Panorama of pinkish-red azaleas against a background of green hills

Mt. Tokusenjo's Azaleas and the Kesennuma Azalea Festival

Every year from mid-May to early June, the people of the greater Kesennuma area bask in the beauty of spring with the blooming of wild mountain azalea flowers (yama tsutsuji) on Mt. Tokusenjo. This mountain is situated between Kesennuma City and Motoyoshi-cho and stands at over 2,000 feet high. Come to walk along a 2.5 hour round-trip hiking trail through over 50,000 azalea trees planted by local residents. The azalea, with its vibrant pinks and magentas, is the official flower of Kesennuma and I would love to share its beauty with you.

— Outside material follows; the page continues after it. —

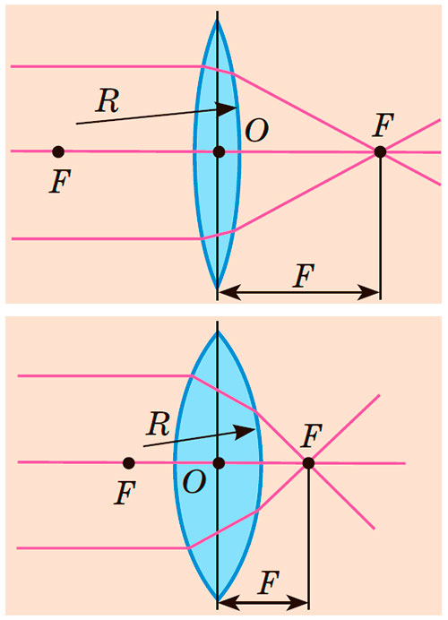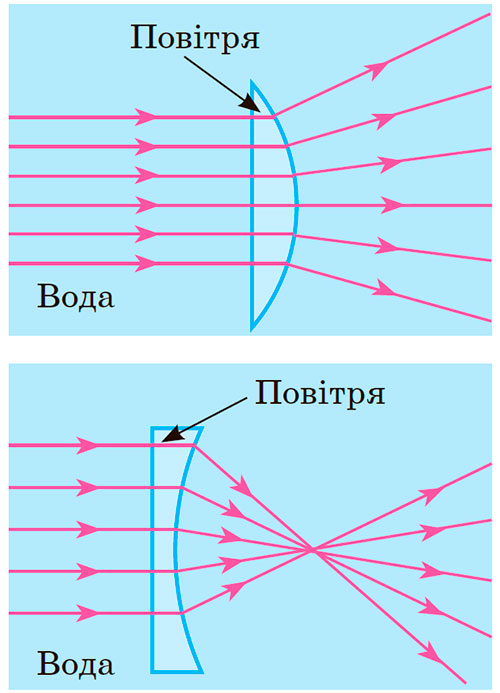 Якщо оптична густина матеріалу, з якого виготовлена лінза, більша за оптичну густину середовища, то опукла лінза збиратиме промені, а ввігнута лінза розсіюватиме промені та навпаки.
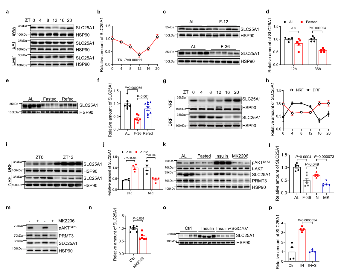 图四. SLC25A1在eWAT中的昼夜表达模式受进食调控,并依赖胰岛素-pAKT信号通路

An azalea bush in full bloom

In the middle of the main trail, you can see a panoramic view of the mountain with brightly contrasting reds and greens. See how blips of white windmills sprout from the far off mountaintops and calmly spin in the wind (see header). For the more adventurous, enjoy an additional hike up to see the mountain’s dedication rock and shrine (see below)! Beware! It’s a bit steep, but from the top, you can see even more of the vibrant azalea and forest colors as well as the cerulean blues of the oceanic coast. The newly opened Oshima Bridge makes this view extra special, so be one of the first to experience it!

Mount Tokusenjo's dedication rock and shrine

Tokusenjo also features the first two treehouses of the Tohoku Treehouse Project. The aim of this project is to build 100 treehouses throughout the Tohoku region in order to bring people to the great outdoors to enjoy underrated sights in the area. So, come explore Tom’s House and Dekita House and enjoy a picnic with a panoramic view of the azaleas!

Close-up of an azalea flower with a spider in it

The mountain is available to visit all day every day, though the azaleas will not be lit at night. Due to the lengthy winter this year, the blooming peak has been pushed back to late May. They are expected to be in the best, full bloom on May 26th and are classically enjoyed over a quiet picnic, but for those who want to eat afterward, I recommend Kesennuma’s famous shark fin goods! You can enjoy shark fin, fukahire, in many forms, such as shark fin ramen or shark fin sushi! The wind and chill of this winter has also helped with removing moisture, so after sun-drying for two months, this is the perfect time to try shark fin in Kesennuma. Try it at Yuuzushi (either of two locations), or Umi No Ichi at the Kesennuma Port.

Azalea Festival

Umi no Ichi is also the host for the Kesennuma Azalea Festival on May 19th! I encourage you to come to welcome the first big batch of blossoms! I know I just mentioned shark fin as a delicious treat, but spring also marks the best time to enjoy bonito fish (katsuo)! You may have heard of this fish in Japanese recipes calling for “bonito flakes,” but in spring, they aren’t thin and flaky at all! They are fatty and plump and waiting to melt in your mouth! At this festival, merchants are selling the first 1000 catch of the season starting at 11AM so come early and stake your claim.

The event will also feature local musical artists. Kesennuma natives, SCK girls idol group and singer Ikumi Kumagai, bring the energy of the Kesennuma people and the beauty of Kesennuma’s nature into their performances so you don’t want to miss it! Other event activities include making a shark tooth keychain and the Tokusenjo treasure hunt. The full schedule and event details are available in Japanese on their website.

Directions and Other Details

  • Click here for Google Maps or search for “Tokusenjo” in your GPS device.
  • Ample parking is available at the trailhead. Follow signs to the main lot and hiking trails.
  • Weekend Azalea buses open up in the month of May for transport as well. Dates the Azalea buses run and other details can be found in Japanese here.
  • Not wheelchair accessible but hiking sticks are available for free use.
  • It’s recommended to wear exercise shoes and bring drinking water.